In the material below, find the line with "Black elegant cute" and the line with "Por su parte, el". Output exactly those two lines and all lines between them, leaving out pictures.

[[ Data for the task, beginning ]]

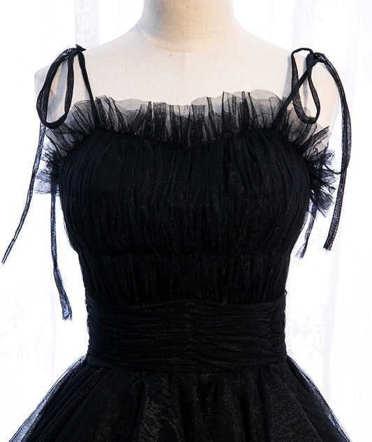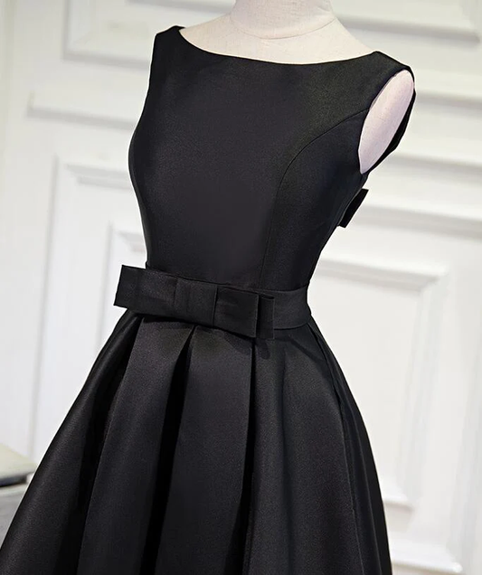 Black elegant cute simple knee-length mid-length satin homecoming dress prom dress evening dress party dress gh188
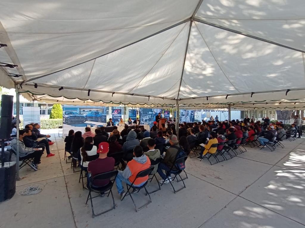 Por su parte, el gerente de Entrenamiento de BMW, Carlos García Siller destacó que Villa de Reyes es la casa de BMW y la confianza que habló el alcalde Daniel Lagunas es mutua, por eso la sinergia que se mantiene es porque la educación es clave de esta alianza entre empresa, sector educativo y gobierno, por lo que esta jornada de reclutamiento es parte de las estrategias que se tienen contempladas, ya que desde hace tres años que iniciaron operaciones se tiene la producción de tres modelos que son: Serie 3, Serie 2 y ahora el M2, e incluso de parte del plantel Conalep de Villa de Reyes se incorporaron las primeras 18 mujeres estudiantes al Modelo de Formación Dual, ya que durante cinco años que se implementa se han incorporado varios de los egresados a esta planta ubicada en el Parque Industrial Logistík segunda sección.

[[ Data for the task, end ]]
[[ Data for the task, beginning ]]

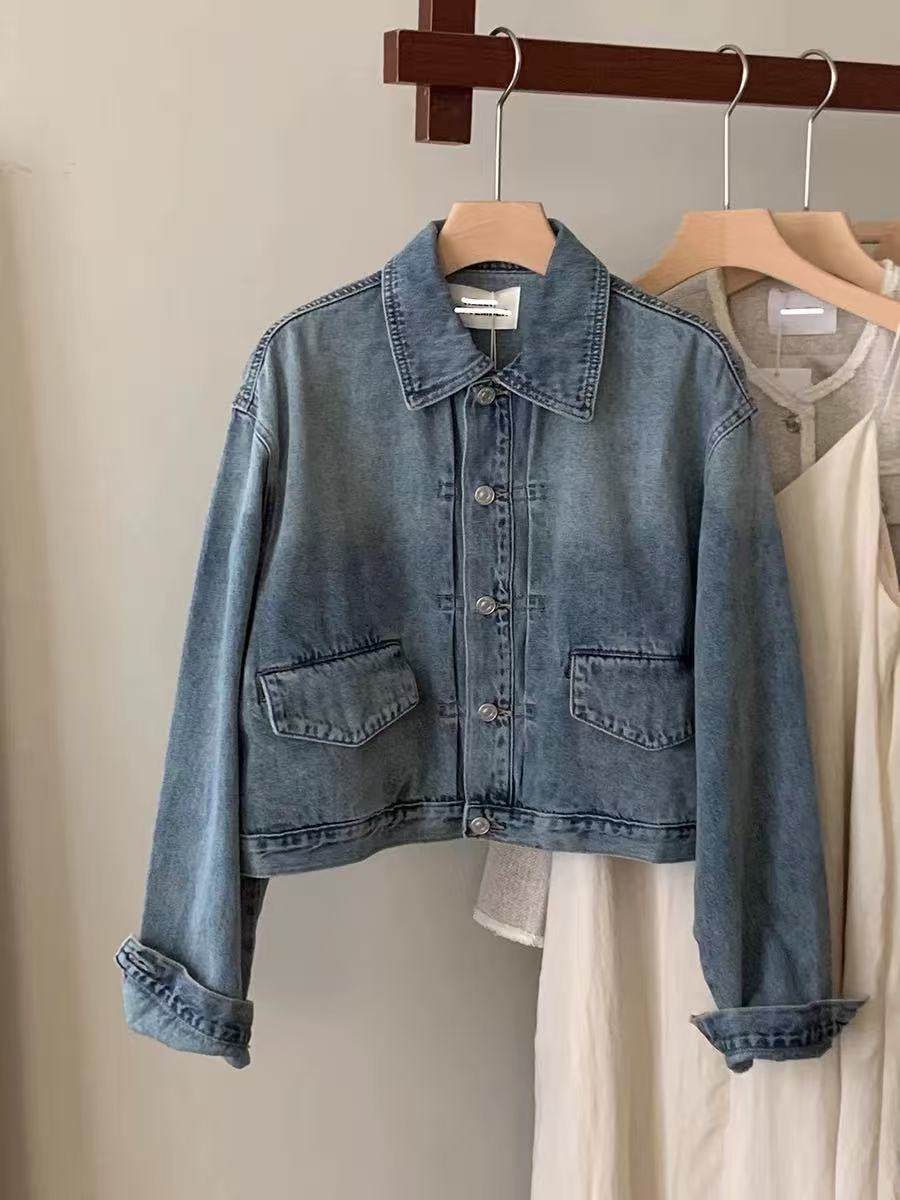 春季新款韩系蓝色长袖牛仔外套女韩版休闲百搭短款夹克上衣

[[ Data for the task, end ]]
[[ Data for the task, beginning ]]

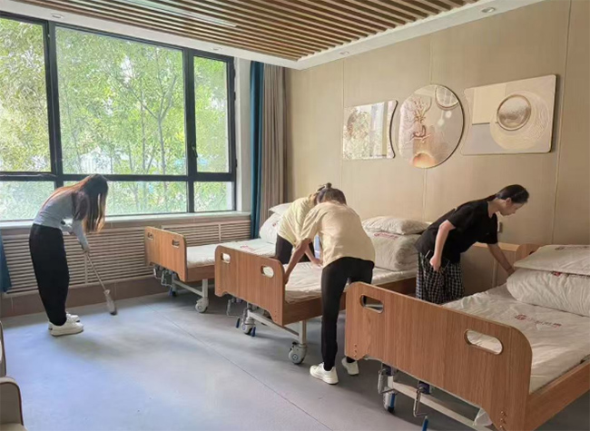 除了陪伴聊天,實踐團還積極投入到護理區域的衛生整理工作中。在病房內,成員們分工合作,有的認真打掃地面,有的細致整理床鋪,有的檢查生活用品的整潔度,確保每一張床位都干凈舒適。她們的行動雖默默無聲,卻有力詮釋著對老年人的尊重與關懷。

[[ Data for the task, end ]]

Written response =>
 Black elegant cute simple knee-length mid-length satin homecoming dress prom dress evening dress party dress gh188
 Por su parte, el gerente de Entrenamiento de BMW, Carlos García Siller destacó que Villa de Reyes es la casa de BMW y la confianza que habló el alcalde Daniel Lagunas es mutua, por eso la sinergia que se mantiene es porque la educación es clave de esta alianza entre empresa, sector educativo y gobierno, por lo que esta jornada de reclutamiento es parte de las estrategias que se tienen contempladas, ya que desde hace tres años que iniciaron operaciones se tiene la producción de tres modelos que son: Serie 3, Serie 2 y ahora el M2, e incluso de parte del plantel Conalep de Villa de Reyes se incorporaron las primeras 18 mujeres estudiantes al Modelo de Formación Dual, ya que durante cinco años que se implementa se han incorporado varios de los egresados a esta planta ubicada en el Parque Industrial Logistík segunda sección.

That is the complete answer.